Once the sign was down, Rusty’s crew crated it up and helped Earl from Earl’s Salvage Yard and Formalwear load it onto a flatbed. Earl smiled for the camera. “Gonna hang it in the fitting room,” he said. “Gives fellas somethin’ to look at while I measure inseams during tux season.  It’s always awkward.”



Over at the Fenders & Folgers, turnout was thin. Three Oldsmobiles. A Bravada caused an argument that lasted longer than it deserved. A Silhouette was disqualified under Lucinda’s chrome bumper rule, though she gave the man his pie anyway and made him pay for coffee out of principle. A Toronado rolled in from Marfa and got free pie, free Folgers, and applause that sounded polite and tired, like the audience knew it was clapping for itself.



The next year Pontiac died. People read about it, folded the paper, and shrugged. GM went bankrupt. The signs were obvious in hindsight. Big Chief Pontiac closed without ceremony. The Unitarians painted over the sign when they leased the building, and nobody held a vigil.

That’s how it went after that. Not with a bang, but with repainting.

Years later, folks would swear they remembered Oldsmobiles being everywhere. But memory, like neon, fades unevenly. What stayed wasn’t the cars so much as what they carried. First kisses. Road trips. A sense that America made things meant to last, even if they didn’t.

Fort Stockton adjusted. It always did. The jukebox kept playing. Coffee kept pouring. Somewhere, in a fitting room that smelled faintly of mothballs and regret, a broken sign glowed no more, but still said something. Just not what it used to.



5 responses to “THE DAY THE SIGN CAME DOWN”

  1. Pretty good bet that up in the great beyond, in that preferred valet parking lot in the sky, sludgo’s dad, the Oldsmobile Man, is ruefully shaking his head while, at the same time, acknowledging “Good story, Captain.” And I agree!

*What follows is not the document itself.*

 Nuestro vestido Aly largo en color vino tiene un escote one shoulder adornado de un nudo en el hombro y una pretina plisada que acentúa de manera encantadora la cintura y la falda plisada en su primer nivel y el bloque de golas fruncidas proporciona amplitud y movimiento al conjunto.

  2. “Big Chief Pontiac closed without ceremony. The Unitarians painted over the sign when they leased the building, and nobody held a vigil.”

    Kinda goes that way, doesn’t it? The building that once housed the Fiat dealer in town sat empty, sign still hanging outside, for years. Eventually, somebody bought the building to house their store and painted over the sign, and then the sign disappeared entirely. Made me a bit wistful, but time marches on.

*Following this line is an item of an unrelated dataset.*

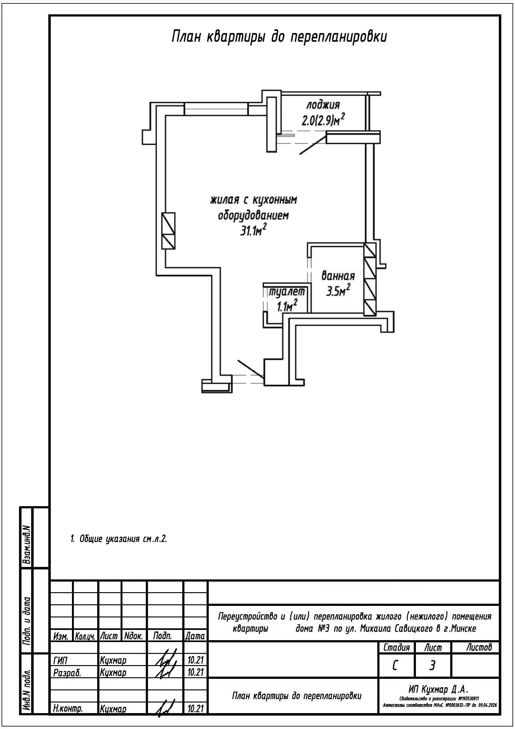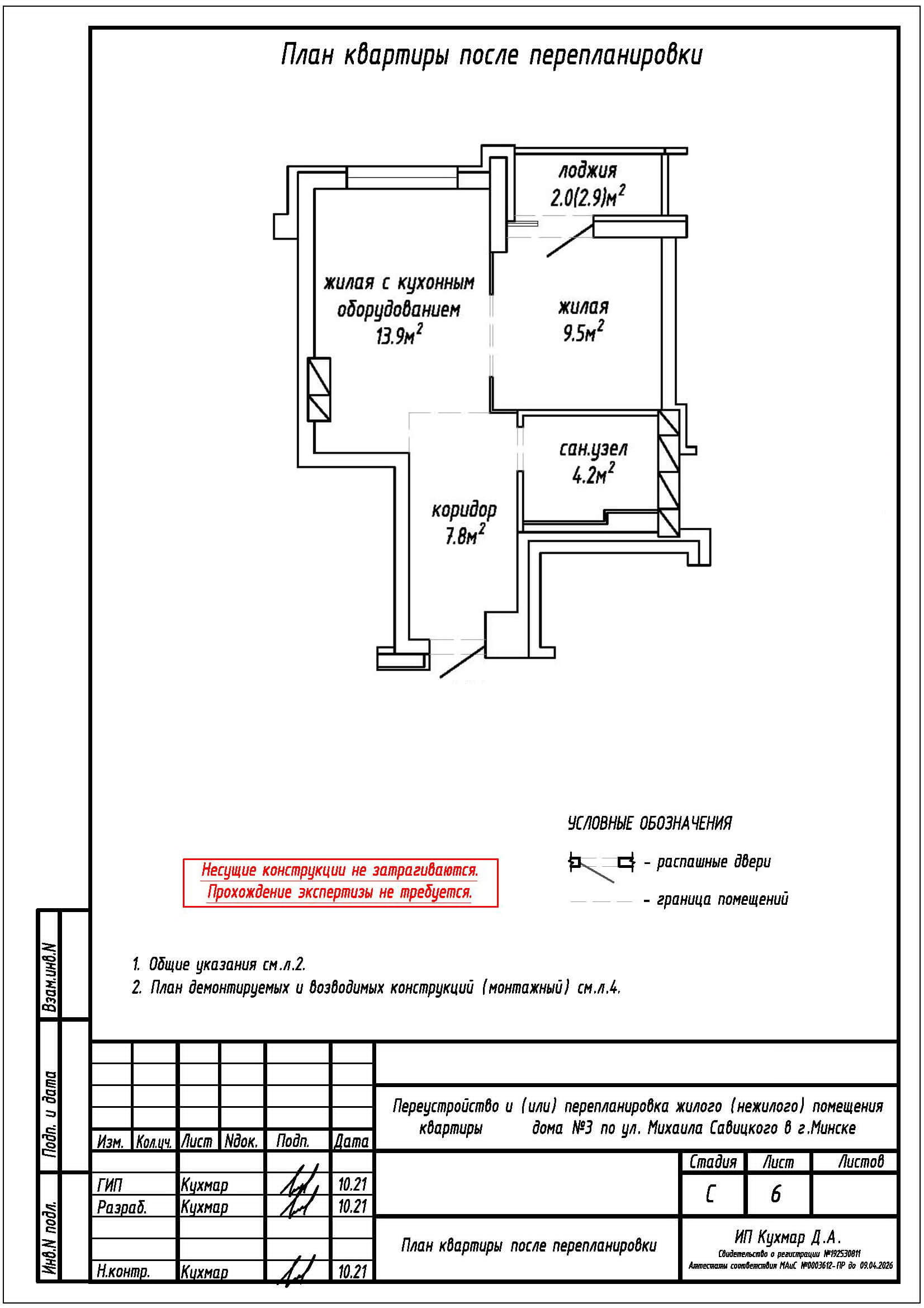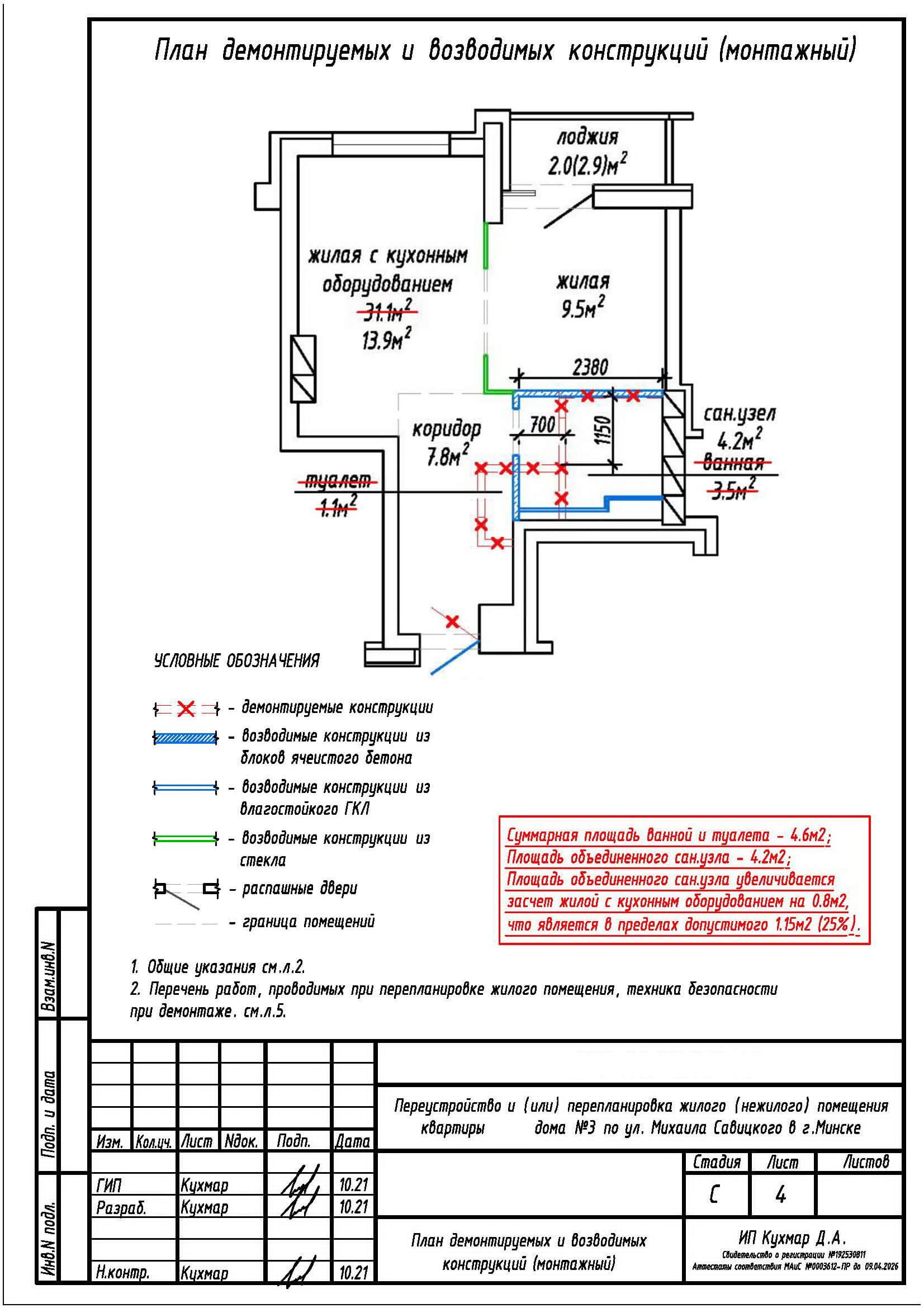 Перепланировка квартиры по ул. Михаила Савицкого, 3 в ЖК «Минск Мир»

  3. When I met my future wife in Houston, her father was the GM of the Oldsmobile store in Beaumont.
    Several years later he was the GM of the Cadillac store in Lake Charles.
    He died in his early 50’s in Houston, from some type of brain tumor.
    He was a quiet, good guy.

  4. And but for a hangover of history—it being the preferred brand of ol’ Chairman Mao, and evidently still a bit popular in his homeland—Buick would be pushing up daisies as well.